Monday, September 6, 2021

Synthesizing Rules

One of the most important skills that law students need to learn in is how to synthesize rules from cases.  Yet, studies have shown that second- and third-year law students are not good at synthesizing rules.  I have heard two conference presentations by Professor James Stratman in which he has stated that, while second- and third-year law students are generally proficient at applying a single case to a set of facts, they are poor at synthesizing rules and applying several cases to a set of facts.  (see also here at 4)  This deficiency has developed because, except for perhaps a half a class in legal writing, synthesizing rules is not usually taught in law schools.  To help students develop this skill, first-year professors need to drill this skill, just like they do case analysis.
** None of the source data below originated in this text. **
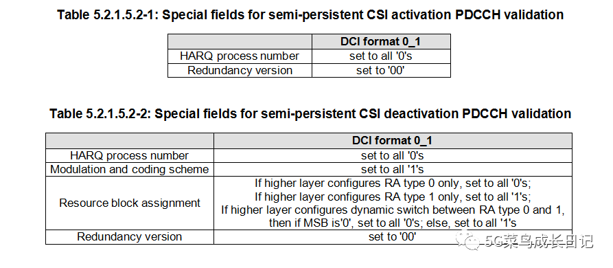 如果是在PUSCH上发送,则使用SP-CSI-RNTI加扰的DCI format 0-1进行激活,其中的CSI Request激活对应的Semi-Persistent CSI Reporting。激活和释放的条件如下。
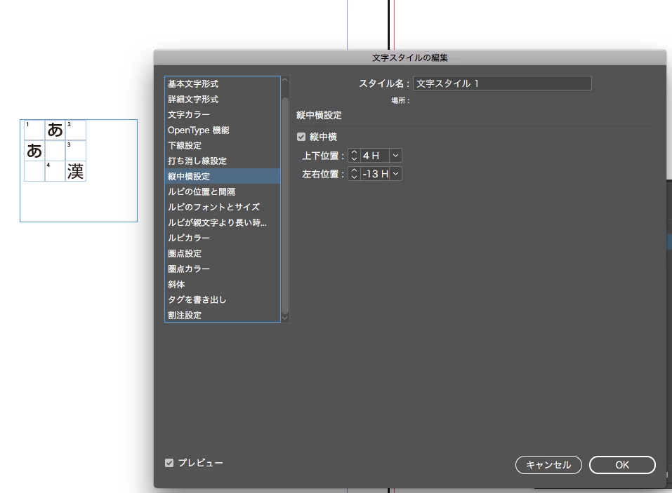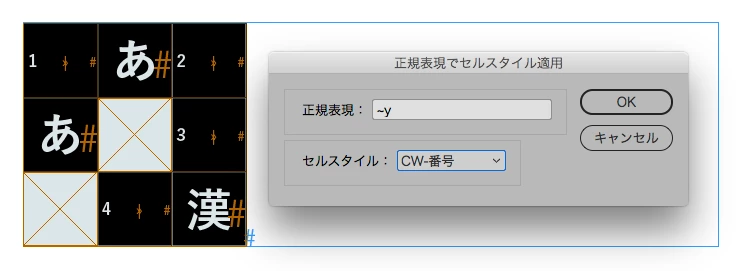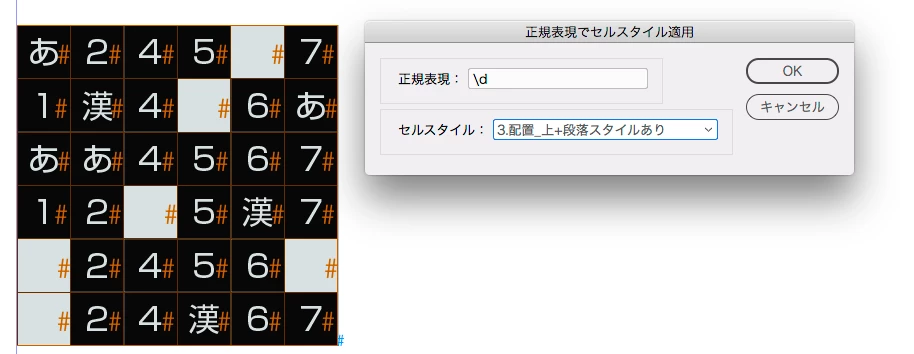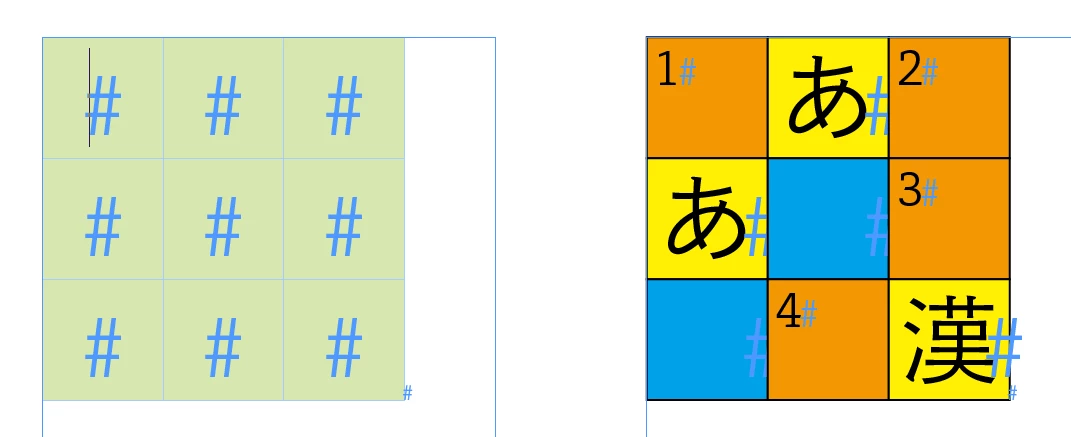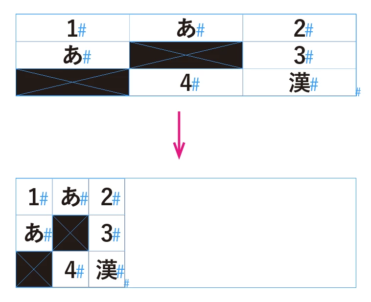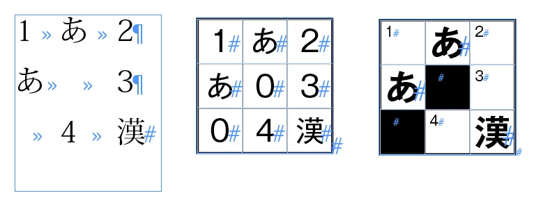 InDesignで図のようなクロスワードパズルを作成する時、
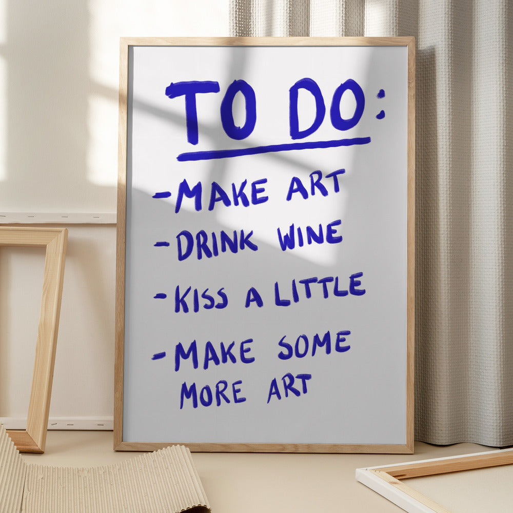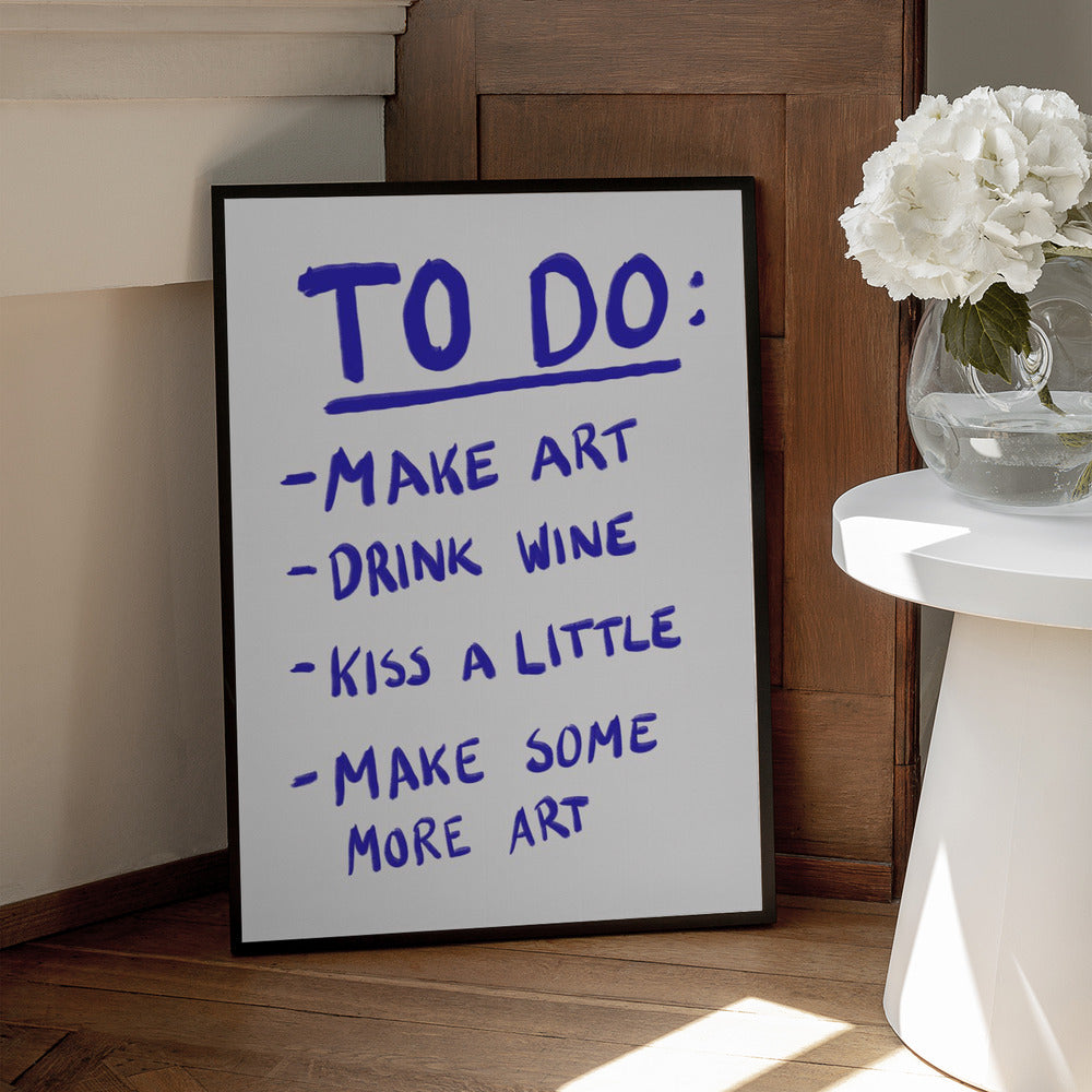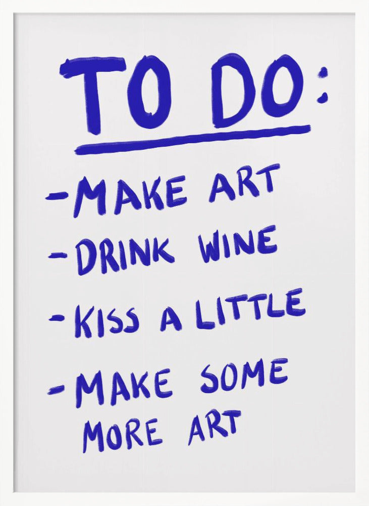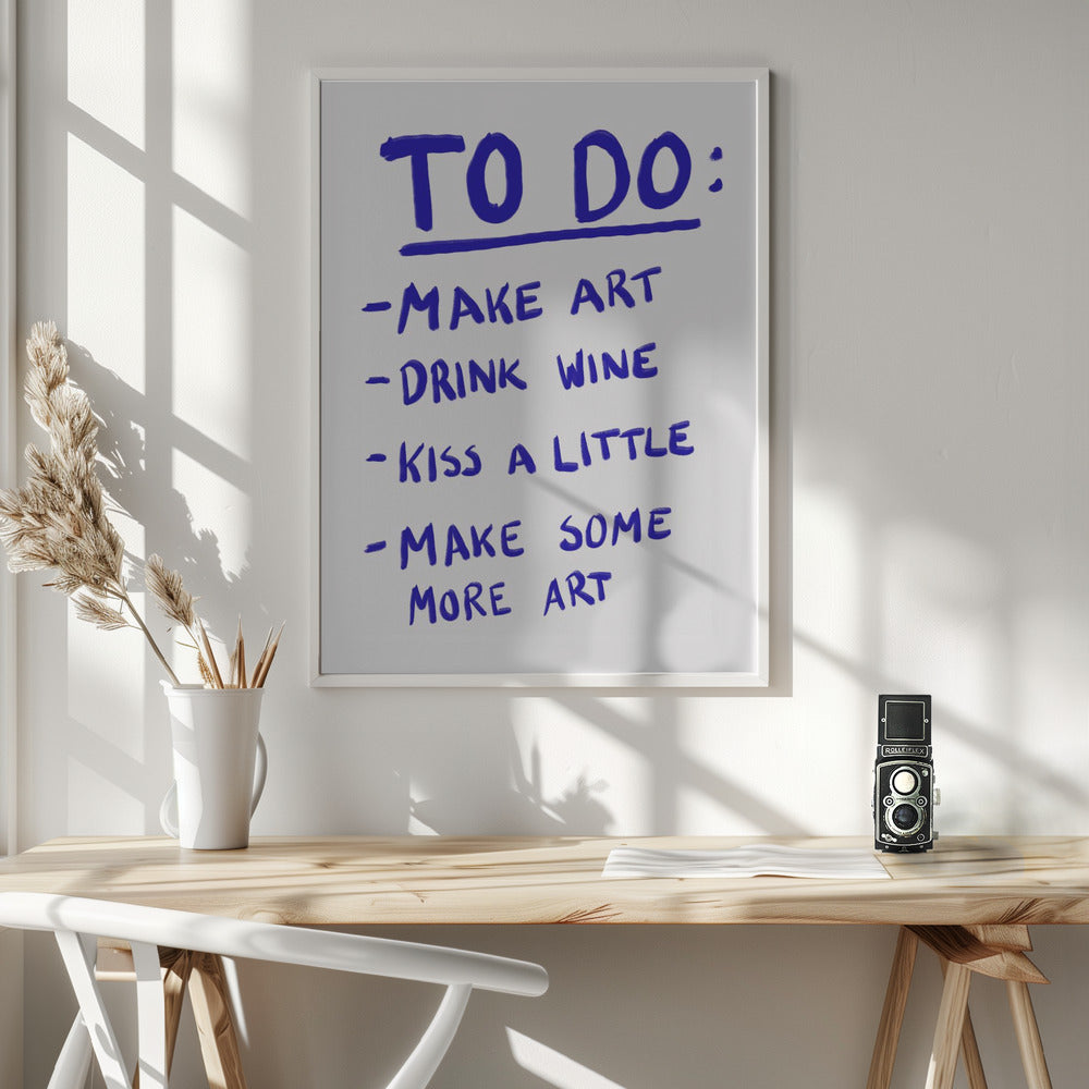 Tabloul înramat „Creative To-Do List”, creat de Athene Fritsch, este disponibil în mai multe dimensiuni, cu ramă neagră, albă sau din lemn natur. Se potrivește perfect în orice încăpere.
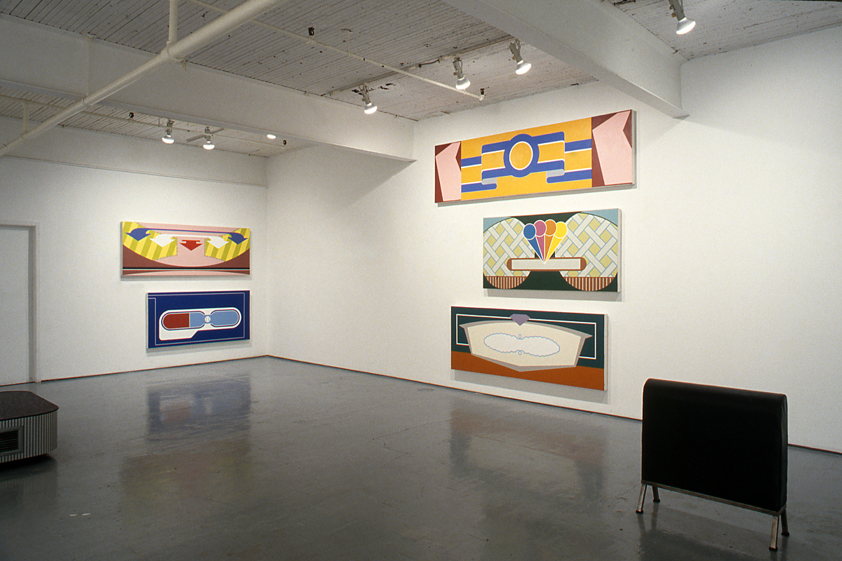 Yellow Pages, Maxi Pads, Haagen Daaz, high school year books, newspaper boxes, pornography shops, tractor trailer and tour bus graphics--Glavin has drawn upon the broadest possible range of references from the increasingly populous urban landscape. The paintings incite and rely on the audience's familiarity to this wide variety of incongruous combinations. The work reproduces the vernacular of street level signs in the slick manner of high-end commercial advertising.
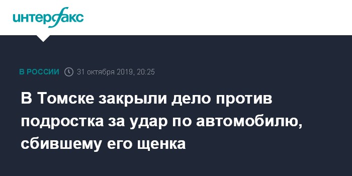 Москва. 31 октября. INTERFAX.RU - Следственное управление СКР по Томской области прекратило уголовное дело в отношении подростка, который ударил по капоту автомобиля, задавившего его щенка, сообщает пресс-служба СКР.

Synthesizing rules is important because the common law develops on a case-by-case basis.  One judge decides case A.  Another judge uses that case to decide case B, which is on similar facts.  The next judge then relies on cases A and B to determine case C, which becomes a new precedent.  In other words, each new case adds to the story of the rule.

Synthesis in the law involves synthesizing rules in connection with a set of facts.  "Rule synthesis is the process of integrating a rule or principle from several cases."  (Paul Figley, Teaching Rule Synthesis with Real Cases, 61 J. Leg. Educ. 245, 245 (2011))  More specifically, "Lawyers begin this process of synthesis by first identifying the pieces of authority relevant to a legal issue and then fitting these pieces together to determine the overall analytical framework they reasonably support."  (Jane Kent Gionfriddo, Thinking Like A Lawyer: The Heuristics of Case Synthesis, 40 Tex. Tech L. Rev. 1, 4 (2007))  Most importantly, "Only in making sense of all of the cases will a lawyer be able to formulate a clear picture of the law to determine an appropriate solution to the legal problem at issue."  (Id. at 6)

There is not just one formula for synthesizing a rule.  How you synthesize a rule depends on the materials being synthesized.  Sometimes the materials will produce a single factor; other times the synthesized rule will comprise two or more factors.  Often, one case will provide a framework for the rule with other cases filling in.  Other times will you have to combine cases to produce the rule.

Learning case synthesis begins with synthesizing a single-factor rule.  First, one must find all the relevant cases on that issue in relation to the facts.  This usually means assembling all the mandatory authority from the governing jurisdiction.  You must also be able to understand what cases belong together (grouping).  Once you have determined the relevant group, you should carefully read the relevant cases, making sure you fully understand their reasoning, both explicit and implicit.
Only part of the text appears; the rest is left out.